Look through the entries below for the line with "展示する魚はスタッフが現地で" and the line with "Fig. 1. Técnicas", then give again exactly those two lines and all lines between them, minus the pictures.

■ Dataset records:
((
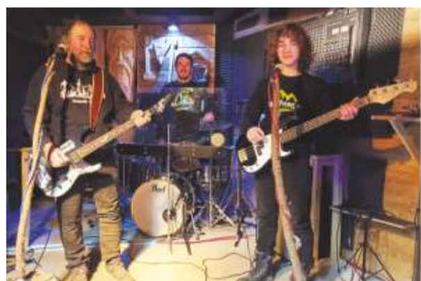
Kapely Bandor a SackSuppe.

Kontakt a pozvání na koncerty Bandor najdete na Facebooku.
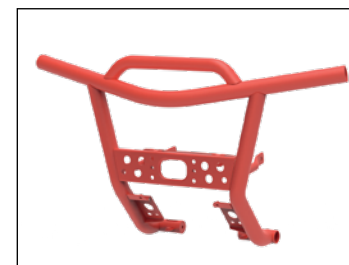
Puskuri ..... 139 € Snarler-malleihin, Värit: oranssi ja vihreä
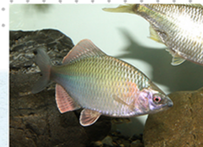
↑美しいカネヒラのオス(タナゴの仲間)

展示する魚はスタッフが現地でも捕まえた魚たちがほとんどで、オスがきれいなタナゴの仲間や、エラに眼の模様をもつオヤニラミ、石のようなカジカ、繁殖前まで眼がないスナヤツメなど18種を展示。これはまさに期間限定の「大分おさかな館」となりますので、是非見に来てください。
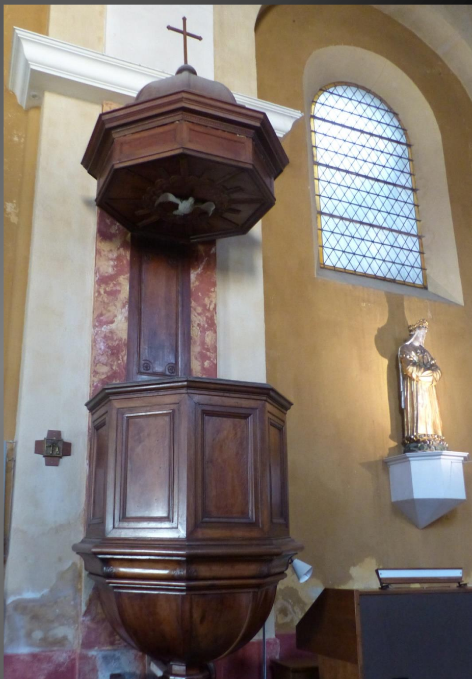
Eglise Saint-Julien _ Elle a été consacrée en 1913. L'autel d'origine a été conservé, de même que la chaire, cette dernière ayant été déplacée de l'autre côté de la nef.
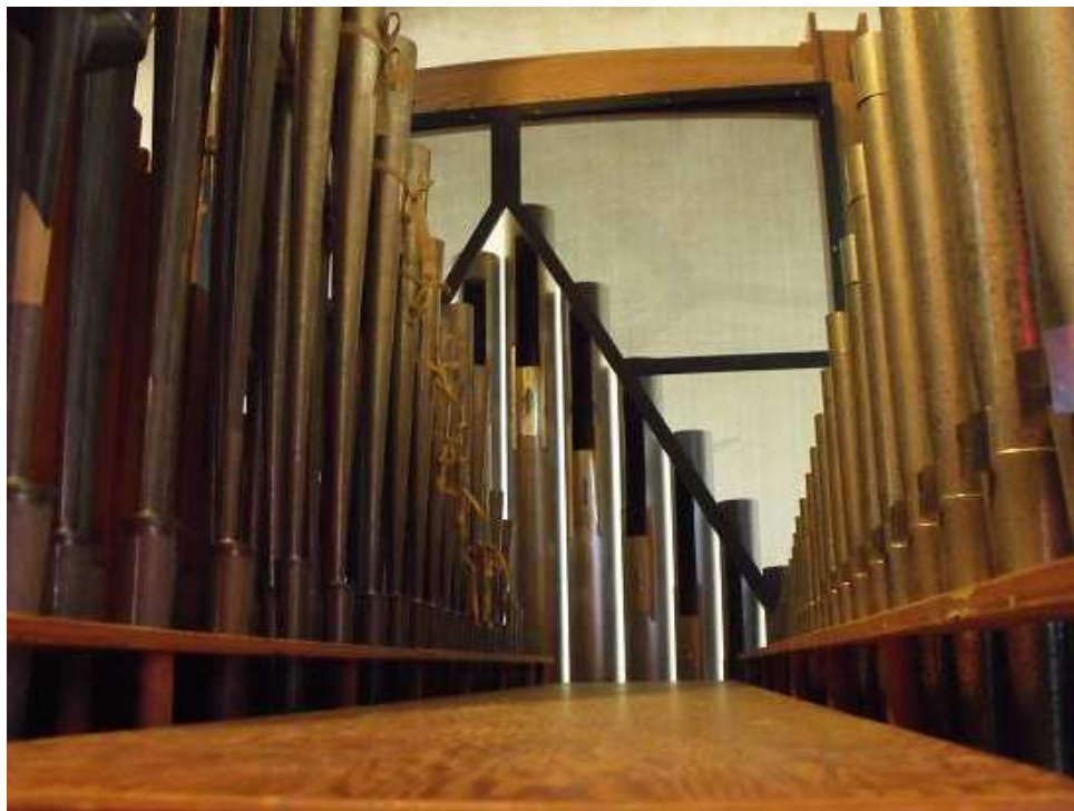
Photo du buffet (vue de face) : Guy Bouchard, CPVN Multimédia Photo du buffet (vue de côté) : Sr Gisèle Larouche, antonienne de Marie Photos de l'intérieur de l'orgue : Christian Villeneuve
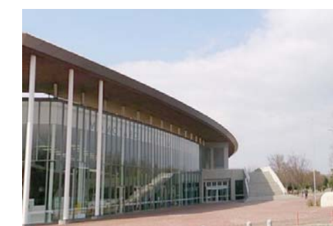
岡山県総合グラウンド 徒歩16分
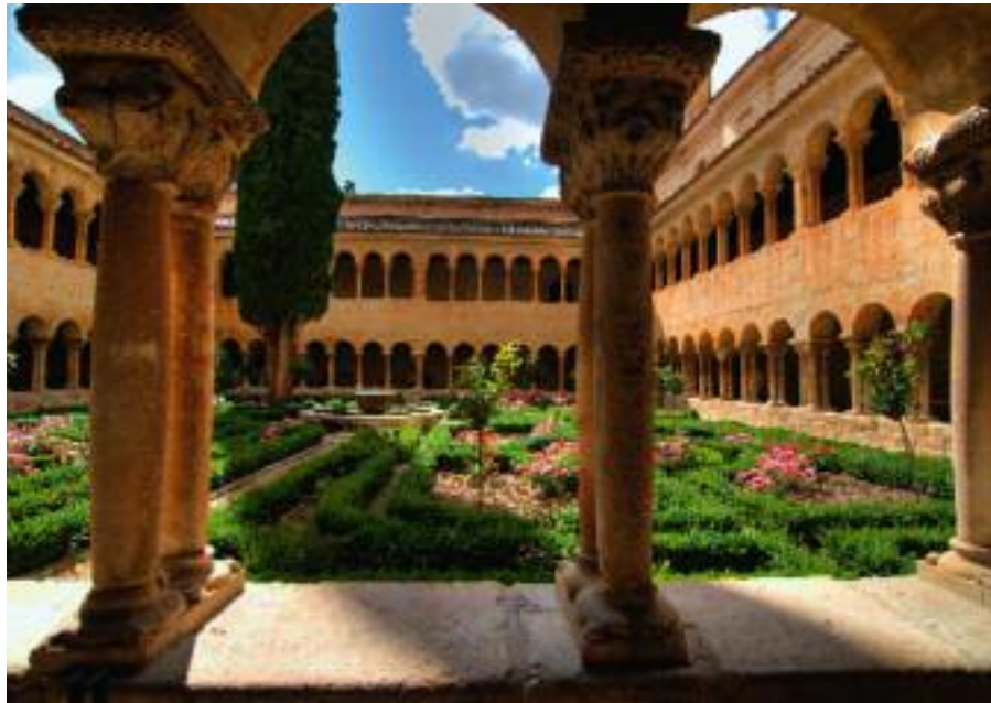
Der romanische Kreuzgang von Santo Domingo de Silos – eine Augenweide
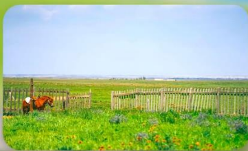
ทุ่งหญ้าออร์ดอส
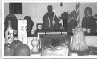
8月24日 平野町日切地蔵尊
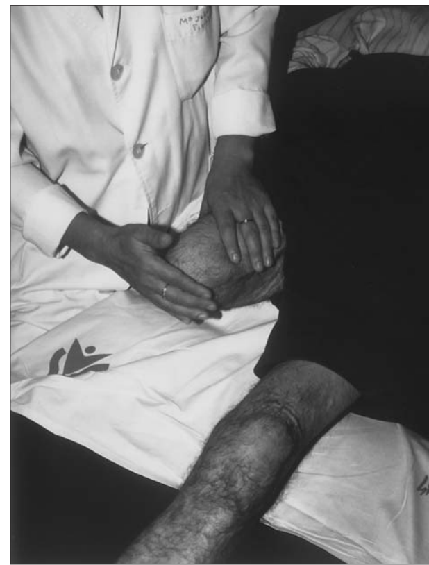
Fig. 1. Técnicas de desensibilización por masoterapia percutoria.

• Extensión del muñón con empuje anterior de la pelvis (fig. 2). El paciente en posición de decúbito supino; el muñón lo apoyó sobre un pequeño banco de 15 cm de altura o en sacos de arena. El miembro contralateral lo mantuvo flexionado sobre el pecho, para corregir la lordosis. Seguidamente, se pidió al paciente, que apoyase el muñón sobre el banquito haciendo a la vez una propulsión de la hemipelvis simulando la situación de puesta en carga con inicio de la base de balanceo de la pierna sana.
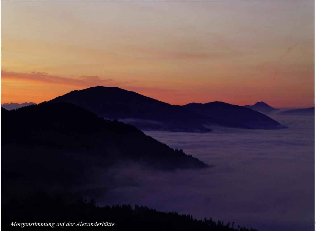
Morgenstimmung auf der Alexanderhütte.
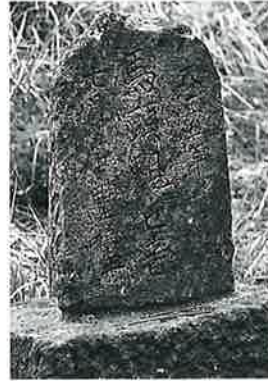
51 馬頭観音 宇木大道付 大正5年7月(61×28× 14)
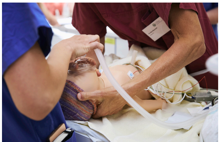
Beim Betreten des Kreißsaals wird aus den einzelnen Mitarbeitenden sofort ein Team. Das gemeinsame Ziel ist die Sicherheit der Neugeborenen und ihrer Mütter.
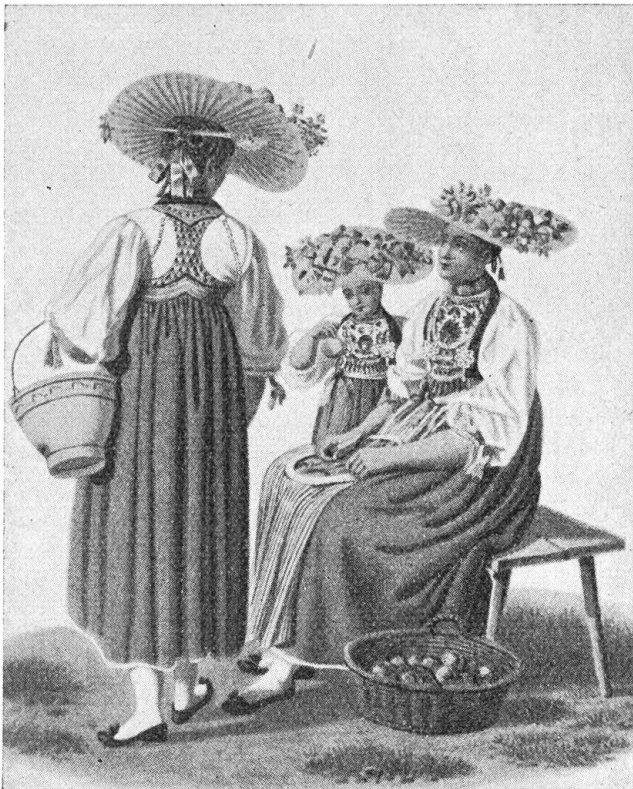
Abb. 2 Nidwaldner Trachtenmädchen um 1830 Aquarell von M. G. Vorn (Sammlung Odermatt-Luffh)

sich im Schnitt gleich blieben bis heute. Rock und Mieder aus Tuch wurden in ungleichen Farben getragen; man liebte abstechende Farben. Am meisten trug man blaue Mieder und rote Röcke. „Scharlachrot und blai, gid ä scheeni Buiräfrai!“
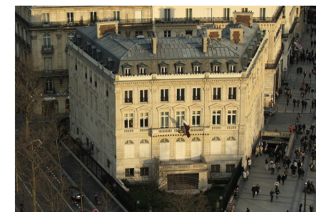
Ambassade du Qatar
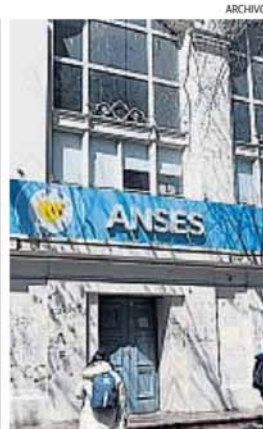
ANSES. El órgano nacional encargado de las pensiones y las jubilaciones.

Ese resabio de ancestral cultura, evidentemente, hoy ya está perdido, y el respeto por los mayores ha sido sustituido por el desprecio hacia los que la militancia libertaria define como "viejos meados". Todos, sin embargo, tarde o temprano, llegarán a viejos, y es su derecho que el Estado les dé lo que les corresponde, lo que nos corresponde, luego de una vida de aportes y de trabajo para el bien de la comunidad.
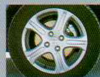
• Aros de Aleación de 15\"/>
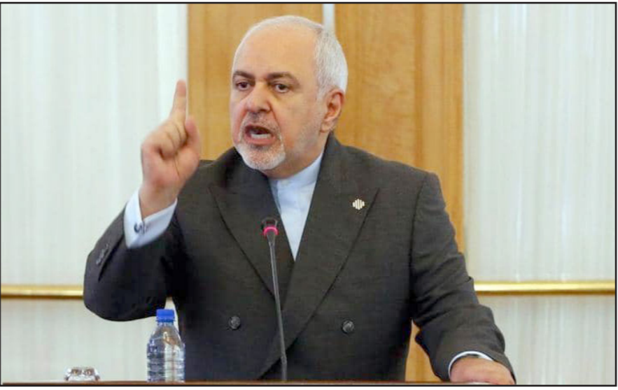
وزير الخارجية الإيراني محمد جواد ظريف

وقال ظريف للصحافيين: «المزاعم الحققاء للمسؤولين الأمريكيين ليست شيئاً جديداً»، وأضاف: «ليس مفاجئاً أن نستمع مثل هذه الأمور من أشخاص يوصون بشررب المظاهرات لره فيتروس كورونا- أن يزيموا أنهم لا يزالون طرفاً بالاتفاق بعد الانسحاب منه رسمياً، ويبدو أنه كان يشير إلى اقتراح ترامب إجراء أبحاث عما إذا كان من الممكن علاج الإصابة بفيروس كورونا بحقن الجسد بمطهرات».
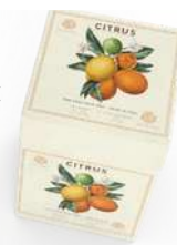
BOX 3 SAPONI SOLIDI 150 GR CAD
))
■ Exercise solution:
展示する魚はスタッフが現地でも捕まえた魚たちがほとんどで、オスがきれいなタナゴの仲間や、エラに眼の模様をもつオヤニラミ、石のようなカジカ、繁殖前まで眼がないスナヤツメなど18種を展示。これはまさに期間限定の「大分おさかな館」となりますので、是非見に来てください。
Eglise Saint-Julien _ Elle a été consacrée en 1913. L'autel d'origine a été conservé, de même que la chaire, cette dernière ayant été déplacée de l'autre côté de la nef.
Photo du buffet (vue de face) : Guy Bouchard, CPVN Multimédia Photo du buffet (vue de côté) : Sr Gisèle Larouche, antonienne de Marie Photos de l'intérieur de l'orgue : Christian Villeneuve
岡山県総合グラウンド 徒歩16分
Der romanische Kreuzgang von Santo Domingo de Silos – eine Augenweide
ทุ่งหญ้าออร์ดอส
8月24日 平野町日切地蔵尊
Fig. 1. Técnicas de desensibilización por masoterapia percutoria.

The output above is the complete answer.